We can also make a gif of multiple activities. I will filter my activities to only be bike rides over 15km.

# get a bbox for Cornwall
bbox <- ggmap::make_bbox(lat_lon_single$lon, lat_lon_single$lat, f = 1.2)

# add column for frame and total distance per ride
lat_lon <- group_by(lat_lon, activity_no) %>%
  mutate(n = 1:n(),
         tot_dist = max(distance)) %>%
  ungroup()

# filter lat_lon for when points are within this
lat_lon <- filter(lat_lon, between(start_longitude, bbox[1], bbox[3]) & between(start_latitude, bbox[2], bbox[4]) & type == 'Ride' & tot_dist > 15)

# add column for frame
lat_lon <- group_by(lat_lon, activity_no) %>%
  mutate(n = 1:n()) %>%
  ungroup()

# make bbox again
bbox <- ggmap::make_bbox(lon, lat, data = lat_lon, f = 0.1)

# download map
map <- get_map(location = bbox, source = 'google', maptype = 'terrain')

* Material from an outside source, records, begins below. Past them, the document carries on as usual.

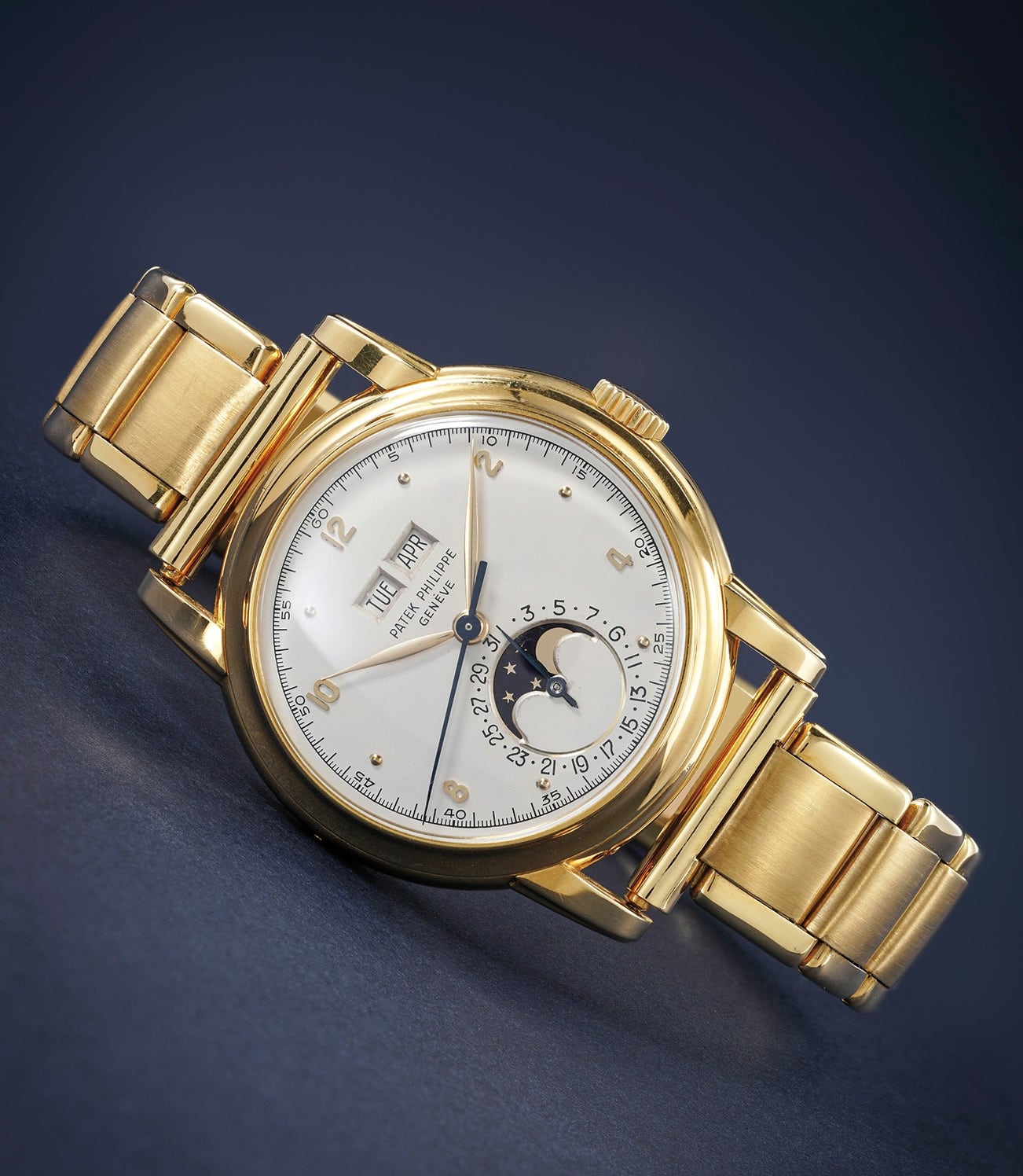 A very rare and incredibly well-preserved yellow gold perpetual calendar wristwatch with center seconds, moonphases and bracelet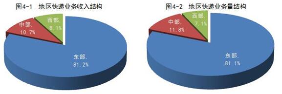 1-11月份,东、中、西部地区快递业务收入的比重分别为81.2%、10.7%和8.1%,业务量比重分别为81.1%、11.8%和7.1%。与去年同期相比,东部地区快递业务收入比重下降了0.7个百分点,快递业务量比重下降了0.9个百分点;中部地区快递业务收入比重上升了0.4个百分点,快递业务量比重上升了0.6个百分点;西部地区快递业务收入比重上升了0.3个百分点,快递业务量比重上升了0.3个百分点。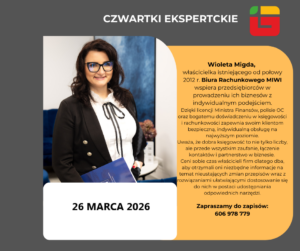 Skierniewicka Izba Gospodarcza serdecznie zaprasza na darmową konsultację z ekspertem z dziedziny rachunkowości panią Wioletą Migda, które odbędzie się w czwartek 26marca 2026r. Zapraszamy do zapisów.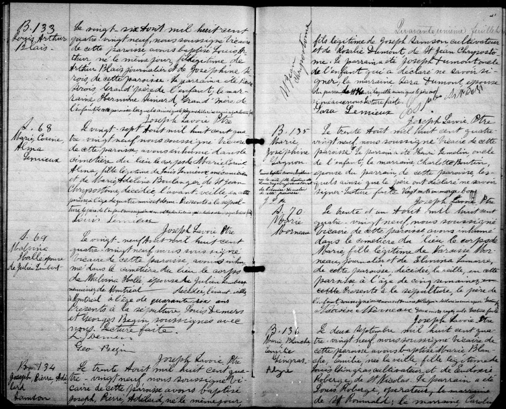 Saint-Romuald-d'Etchemin, 1854-1922, Archives nationales à Québec, Fonds Cour supérieure. District judiciaire de Québec. État civil, (03Q,CE301,S54).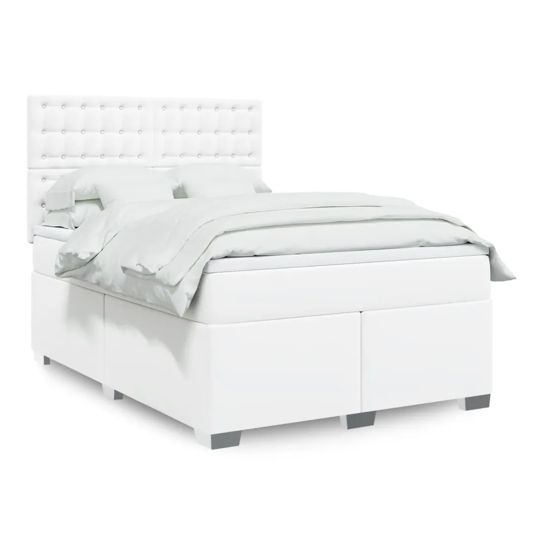 Sommier à lattes de lit avec matelas Blanc 140x190cm Similicuir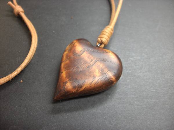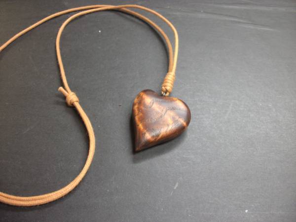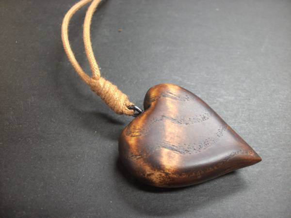 タモの玉杢を使ってハート型のペンダントを作りました。めったにないタモの玉杢がきれいに出て、魅力的なペンダントに仕上げました。

all_the_rides <- ggmap(map, darken = 0.15) +
  geom_path(aes(x = lon, y = lat, group = activity_no), col = 'red', data = lat_lon, size = 1.25, alpha = 0.5) +
  labs(title = 'All the rides') +
  coord_cartesian() +
  ggforce::theme_no_axes(theme_bw(base_size = 16)) +
  theme(legend.position = 'none') +
  transition_reveal(n)

# animate plot
gganimate::anim_save('where_to_save.gif', all_the_rides, width = 750, height = 700)

And there we have it. A relatively simple way to animate your strava activities in R. I personally find that saving the output as .mp4 rather than .gif gives smaller and higher quality files when uploading them to Instagram, but these options are easy to change. Take back your own data and get plotting!

There are loads of other functions and uses for the rStrava package. I hope to blog more about them soon.